Sec. 431.042. INSPECTION. (a) To enforce this chapter, the department or a health authority may, on presenting appropriate credentials to the owner, operator, or agent in charge:
(1) enter at reasonable times an establishment, including a factory or warehouse, in which a food, drug, device, or cosmetic is manufactured, processed, packed, or held for introduction into commerce or held after the introduction;
(2) enter a vehicle being used to transport or hold the food, drug, device, or cosmetic in commerce; or
(3) inspect at reasonable times, within reasonable limits, and in a reasonable manner, the establishment or vehicle and all equipment, finished and unfinished materials, containers, and labeling of any item and obtain samples necessary for the enforcement of this chapter.
(b) The inspection of an establishment, including a factory, warehouse, or consulting laboratory, in which a prescription drug or restricted device is manufactured, processed, packed, or held for introduction into commerce extends to any place or thing, including a record, file, paper, process, control, or facility, in order to determine whether the drug or device:
(1) is adulterated or misbranded;
(2) may not be manufactured, introduced into commerce, sold, or offered for sale under this chapter; or
(3) is otherwise in violation of this chapter.
(c) An inspection under Subsection (b) may not extend to:
(1) financial data;
(2) sales data other than shipment data;
(3) pricing data;
(4) personnel data other than data relating to the qualifications of technical and professional personnel performing functions under this chapter;
(5) research data other than data:
(A) relating to new drugs, antibiotic drugs, and devices; and
(B) subject to reporting and inspection under regulations issued under Section 505(i) or (j), 519, or 520(g) of the federal Act; or
(6) data relating to other drugs or devices that, in the case of a new drug, would be subject to reporting or inspection under regulations issued under Section 505(j) of the federal Act.
(d) An inspection under Subsection (b) shall be started and completed with reasonable promptness.
(e) This section does not apply to:
(1) a pharmacy that:
(A) complies with Subtitle J, Title 3, Occupations Code;
(B) regularly engages in dispensing prescription drugs or devices on prescriptions of practitioners licensed to administer the drugs or devices to their patients in the course of their professional practice; and
(C) does not, through a subsidiary or otherwise, manufacture, prepare, propagate, compound, or process a drug or device for sale other than in the regular course of its business of dispensing or selling drugs or devices at retail;
(2) a practitioner licensed to prescribe or administer a drug who manufactures, prepares, propagates, compounds, or processes the drug solely for use in the course of the practitioner's professional practice;
(3) a practitioner licensed to prescribe or use a device who manufactures or processes the device solely for use in the course of the practitioner's professional practice; or
(4) a person who manufactures, prepares, propagates, compounds, or processes a drug or manufactures or processes a device solely for use in research, teaching, or chemical analysis and not for sale.
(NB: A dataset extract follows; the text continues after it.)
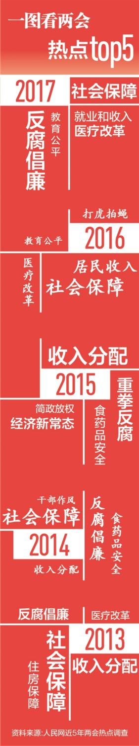 黨的十八大以來,以習近平同志為核心的黨中央強力推進黨風廉政建設和反腐敗斗爭,取得顯著成效,獲得社會各界一致肯定,受到方方面面持續關注。縱向看,在2013年以來人民網歷年兩會熱點調查中,“反腐倡廉”話題一直穩居前五位;橫向看,今年的兩會熱點調查中,“反腐倡廉”也進入新華網等兩會熱點調查榜單前五位。

(f) The executive commissioner may exempt a class of persons from inspection under this section if the executive commissioner finds that inspection as applied to the class is not necessary for the protection of the public health.
(g) The department or a health authority who makes an inspection under this section to enforce the provisions of this chapter applicable to infant formula shall be permitted, at all reasonable times, to have access to and to copy and verify records:
(1) in order to determine whether the infant formula manufactured or held in the inspected facility meets the requirements of this chapter; or
(2) that are required by this chapter.
(h) If the department or a health authority while inspecting an establishment, including a factory or warehouse, obtains a sample, the department or health authority before leaving the establishment shall give to the owner, operator, or the owner's or operator's agent a receipt describing the sample.
Acts 1989, 71st Leg., ch. 678, Sec. 1, eff. Sept. 1, 1989. Amended by Acts 2001, 77th Leg., ch. 1420, Sec. 14.793, eff. Sept. 1, 2001; Acts 2003, 78th Leg., ch. 111, Sec. 2, eff. Sept. 1, 2003.
Amended by:
Acts 2015, 84th Leg., R.S., Ch. 1 (S.B. 219), Sec. 3.0945, eff. April 2, 2015.